*Available data*.
------------------------------

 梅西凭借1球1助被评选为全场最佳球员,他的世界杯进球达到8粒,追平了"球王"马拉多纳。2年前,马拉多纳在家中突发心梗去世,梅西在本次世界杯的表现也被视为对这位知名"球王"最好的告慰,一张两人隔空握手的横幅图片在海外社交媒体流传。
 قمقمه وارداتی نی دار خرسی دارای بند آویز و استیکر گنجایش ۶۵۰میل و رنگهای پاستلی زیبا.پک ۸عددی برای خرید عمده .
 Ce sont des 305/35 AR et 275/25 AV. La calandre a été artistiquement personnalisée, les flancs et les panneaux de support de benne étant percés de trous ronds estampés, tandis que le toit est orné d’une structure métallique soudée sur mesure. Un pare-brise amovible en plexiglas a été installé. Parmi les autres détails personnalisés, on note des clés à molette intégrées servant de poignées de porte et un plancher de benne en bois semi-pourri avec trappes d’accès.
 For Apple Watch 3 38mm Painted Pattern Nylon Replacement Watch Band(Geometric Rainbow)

------------------------------

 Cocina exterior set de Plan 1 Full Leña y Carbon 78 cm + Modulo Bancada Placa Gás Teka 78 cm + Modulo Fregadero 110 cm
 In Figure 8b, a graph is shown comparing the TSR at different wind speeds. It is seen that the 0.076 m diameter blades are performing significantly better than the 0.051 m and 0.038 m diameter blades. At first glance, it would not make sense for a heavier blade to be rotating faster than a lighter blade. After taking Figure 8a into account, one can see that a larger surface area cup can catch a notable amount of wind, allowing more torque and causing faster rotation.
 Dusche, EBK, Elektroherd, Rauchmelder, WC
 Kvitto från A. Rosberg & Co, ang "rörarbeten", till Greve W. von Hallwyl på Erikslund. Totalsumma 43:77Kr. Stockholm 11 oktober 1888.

------------------------------

*Task to carry out*. Once you find the line with "梅西凭借1球1助被评选为全场" in the entries above, output it and each line after it up to and including the line with "For Apple Watch", and nothing else.

*Task response*.
 梅西凭借1球1助被评选为全场最佳球员,他的世界杯进球达到8粒,追平了"球王"马拉多纳。2年前,马拉多纳在家中突发心梗去世,梅西在本次世界杯的表现也被视为对这位知名"球王"最好的告慰,一张两人隔空握手的横幅图片在海外社交媒体流传。
 قمقمه وارداتی نی دار خرسی دارای بند آویز و استیکر گنجایش ۶۵۰میل و رنگهای پاستلی زیبا.پک ۸عددی برای خرید عمده .
 Ce sont des 305/35 AR et 275/25 AV. La calandre a été artistiquement personnalisée, les flancs et les panneaux de support de benne étant percés de trous ronds estampés, tandis que le toit est orné d’une structure métallique soudée sur mesure. Un pare-brise amovible en plexiglas a été installé. Parmi les autres détails personnalisés, on note des clés à molette intégrées servant de poignées de porte et un plancher de benne en bois semi-pourri avec trappes d’accès.
 For Apple Watch 3 38mm Painted Pattern Nylon Replacement Watch Band(Geometric Rainbow)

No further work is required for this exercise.